I’m loosely retracing the path of Ulysses. Seems appropriate.

Frankly, I don’t know what Homer was making such a big deal about. This is easy.

May 05, 2006

Istanbul, Turkey
Wanted: Charitable Web Geek

As this trip approaches its end, I suddenly realize it's time I get my house in order.

It's not entirely unlikely that this site'll see a surge in visitors about 6 weeks from now. This site which is, at best, charmingly primitive. More likely just primitive.

I wrote most of it by hand in Notepad. Seriously, that's the level I'm at. That it works at all is a small miracle.

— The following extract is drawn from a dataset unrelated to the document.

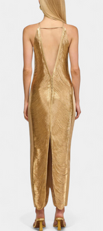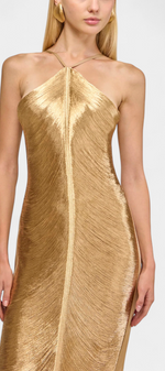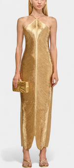 Jianna Robe Halter à Franges Dorées et Dos Nu Sophistiqué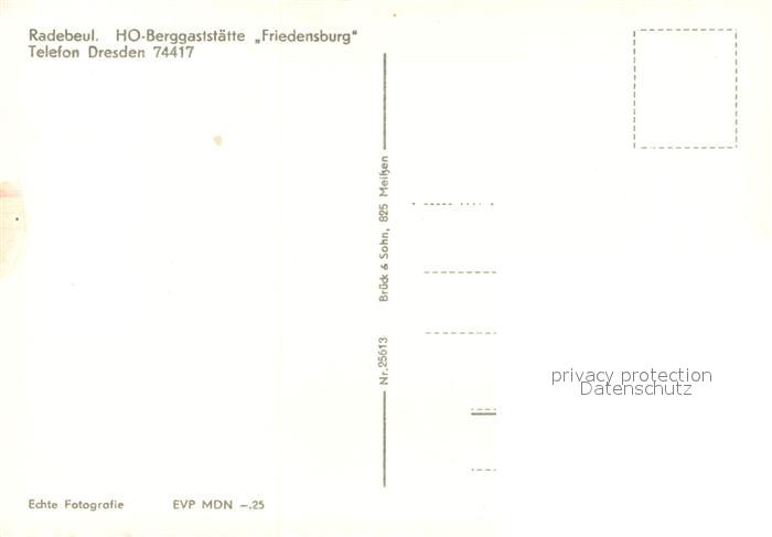 73077075 Radebeul HO Berggaststaette Friedensburg postalisch nicht gelaufen Erhaltung siehe scans [KathaD81] KatCode: 11110014280310

I'm looking for someone who knows what they're doing with this stuff and would be willing to lend a bit of their time. Nothing major -- I prefer to keep the site very basic -- just some polish and minor repairs.

The response to my last post took me by surprise (and was much appreciated). I guess there are a few people still following along despite my fractured narrative and navel-gazing tendencies. I'm hoping maybe someone out there can help.

If this isn't your bailiwick, read no further.

I broke my map page about a month ago. I've tried repeatedly to undo whatever I did, but can't seem to fix it.

My journal archives are difficult to penetrate. I'd like to list them by Date, Location, and Title, but all I can manage is Date, which isn't very useful to perusers. I've tried to figure out TypePad's scripting language -- can't make heads or tails of it.

There's other little design stuff, and probably a lot of things I'm doing a dumb way that could easily be redone in a smart way.

If you're the person for the job, please get in touch. If not, nevermind.